Меня сдал со всеми потрохами бывший наш сотрудник, дагестанец по национальности, отправленный в запас около двух лет назад. Он заключил контракт с кем-то из русских финансовых воротил и возглавил отдел безопасности международного концерна. Так, по крайней мере, он сказал мне при последней нашей встрече перед тем, как совершить подводный заплыв в бесконечность в шикарной мраморной ванне стамбульского отеля "Тарабийя", где я имел несчастье остановиться, соблазненный великолепным видом из окон на Босфор. К сожалению, наша прощальная беседа состоялась уже после того, как информация о моем появлении в Турции ушла по назначению.

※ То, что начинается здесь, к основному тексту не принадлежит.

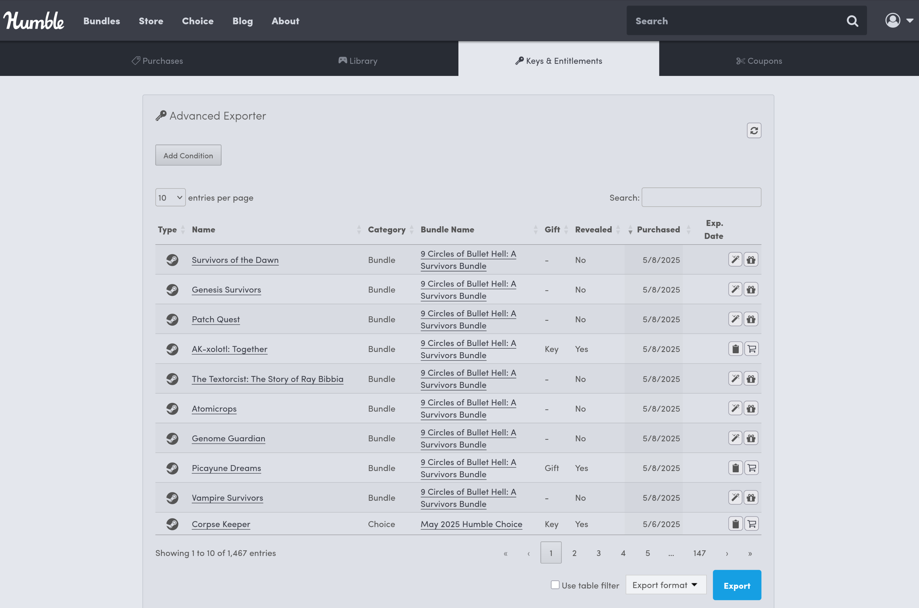 Go to Humble Bundle keys page, open the collapsible menu by clicking on the Advanced Exporter at the top of the main section.

И когда я вышел на "объект", меня уже там дожидались с горячим свинцовым приветом.

На этот раз я должен был ликвидировать теневого лидера чеченской мафии, своего рода крестного отца, одного из главных действующих лиц в афере с поддельными банковскими авизо, вследствие чего в зарубежные банки было перекачано несколько миллиардов долларов. И теперь их вкладывали в торговлю спиртным, наркотиками и оружием, часть которого поступала и в Чечню – ныне Ичкерию.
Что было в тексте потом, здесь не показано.